Yogyakarta, CNN Indonesia —
SMP Yayasan Pendidikan (YP) Sanden di Murtigading, Sanden, Bantul, DIY hanya mendapat satu orang siswa baru pada tahun ajaran 2024/2025.
“Tahun ini satu anak,” kata Kepala Sekolah SMP YP Sanden, Krisna Agam Prasetya, Senin (15/7).
Bahkan, kata Krisna, satu siswa ini baru mendaftar ke sekolahnya pagi tadi. “Yang daftar pagi ini, kita kan enggak ada persiapan,” sambungnya.
Karena hanya ada satu siswa baru ini pula, kegiatan masa pengenalan lingkungan sekolah (MPLS) di sekolah tersebut diundur menjadi Selasa (16/7) besok, digabung dengan siswa kelas VIII dan IX.
“(Siswa) enggak saya suruh masuk, guru-gurunya saya suruh gotong royong aja, bersih-bersih besok baru masuk,” imbuhnya.
SMP YP Sanden Sebelumnya tidak asing dengan kondisi ini. Pasalnya, menurut Krisna, penerimaan peserta didik baru (PPDB) tahun kemarin sekolahnya Bahkan cuma menerima satu siswa saja.
“Kelas XI (Hari Ini) lima siswa, kelas VIII satu siswa dan kelas VII calonnya satu siswa, total tujuh siswa,” ucap Krisna.
Krisna menyebut menurunnya jumlah siswa di SMP YP 2 Sanden akibat sistem zonasi yang kuotanya mencapai 55 persen, sehingga berimbas pada pengurangan pendaftar di sekolah swasta.
Kenyataannya, beberapa waktu lalu sekolahnya sempat dijanjikan sekitar 20 siswa dengan nilai minim. Bertolak belakang dengan demikian, saat jalur zonasi dibuka siswa-siswa tersebut Akhirnya justru diterima bersekolah di SMP negeri.

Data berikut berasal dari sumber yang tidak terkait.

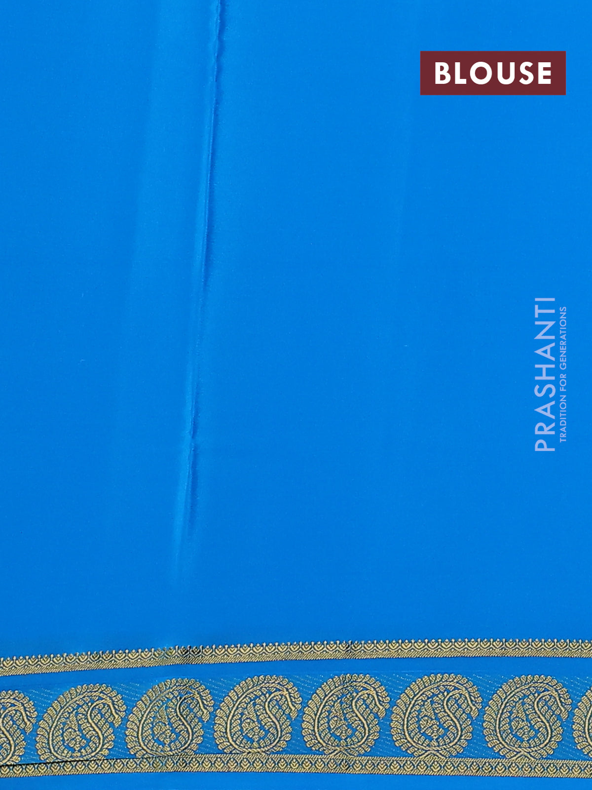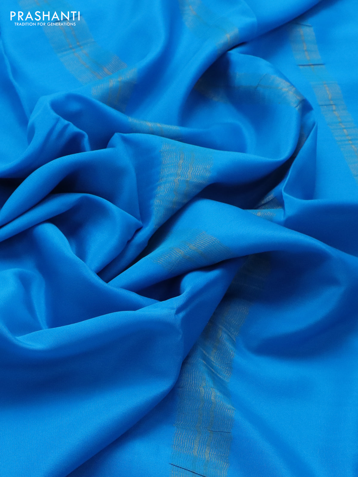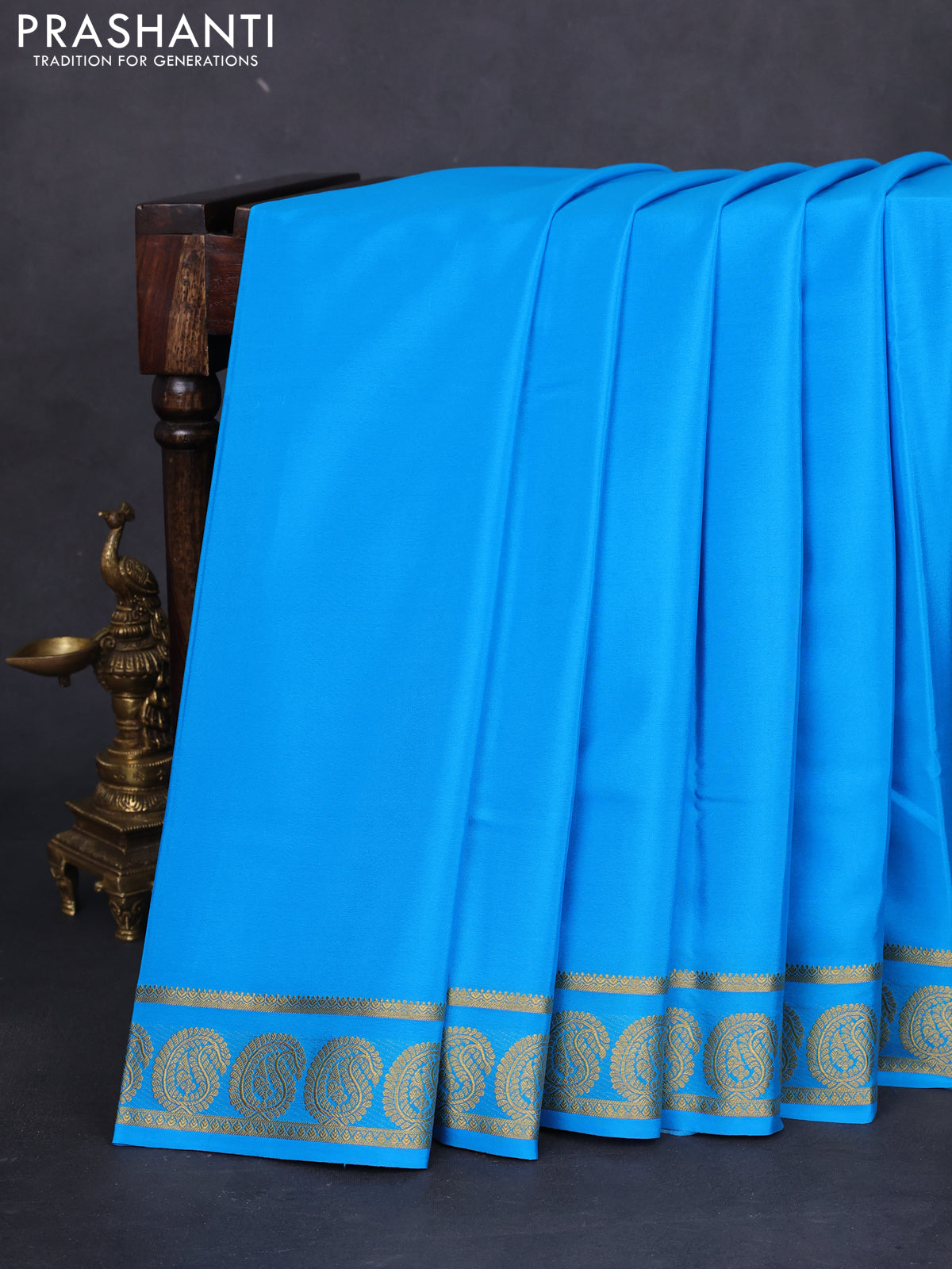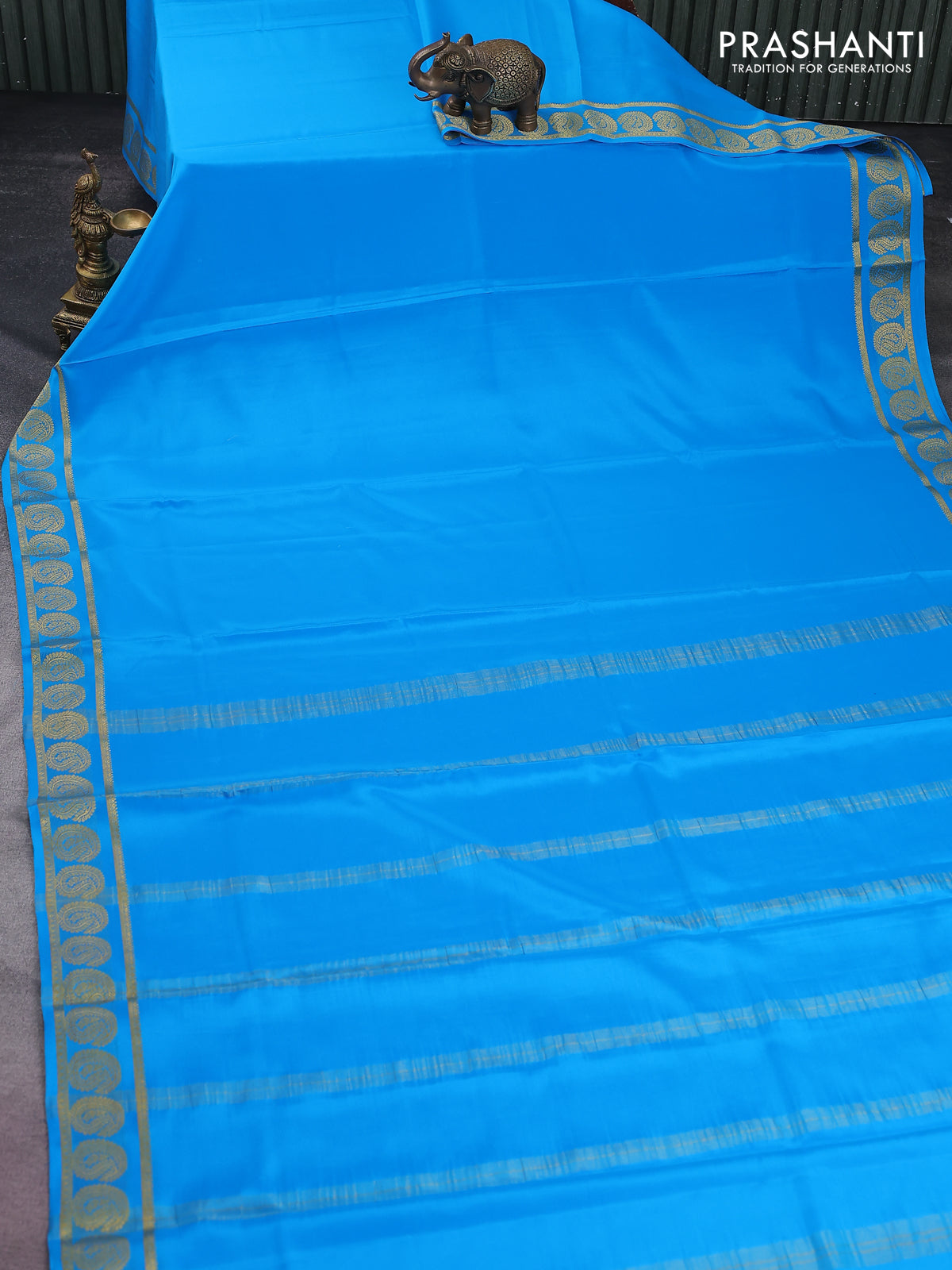 Pure mysore silk saree cs blue with plain body and paisley zari woven border

“Warga sekitar malah ke negeri semua sekolahnya karena zonasi,” bebernya.
Sekalipun tetap berkomitmen melaksanakan kegiatan belajar mengajar (KBM) tanpa memandang jumlah siswa, sekolah Pada saat ini dihantui persoalan operasional sekolah imbas minimnya nominal dana Bantuan Operasional Siswa (BOS).
Krisna menekankan, bagaimanapun besaran dana BOS ini bergantung dari seberapa banyak peserta didik. Bila pencairan dana BOS sampai molor, sekolahnya terpaksa menunda pembayaran gaji para guru.
Sepenuturannya, selama ini pendanaan kadang kala disokong dari sumbangan masyarakat atau alumni. Apalagi, SMP YP 2 Sanden memiliki aset berupa gedung yang disewakan untuk satuan pendidikan lain.
“Siswa di sekolah ini tidak bayar SPP bulanan hanya bayar uang ujian itu pun pas kelas IX,” bebernya.
Krisna berujar, sekolahnya tak tinggal diam semenjak melihat tanda-tanda kekurangan siswa sejak beberapa tahun lalu. Caranya, sosialisasi ke Sebanyaknya SD, bahkan bersedia menerima siswa dengan nilai di bawah rata-rata.
Tapi, apa daya karena Trik-Trik itu belum mampu ‘menyelamatkan’ sekolah dari imbas zonasi. Padahal, sebelum sistem itu diberlakukan, cukup banyak peserta didik baru di sekolahnya.
“Hari Ini kan zonasi (jalurnya) macam-macam. Ya Hari Ini baru satu anak, kalau enggak ada yang daftar ya enggak nambah. Pendaftaran kami buka seumur hidup,” ujarnya.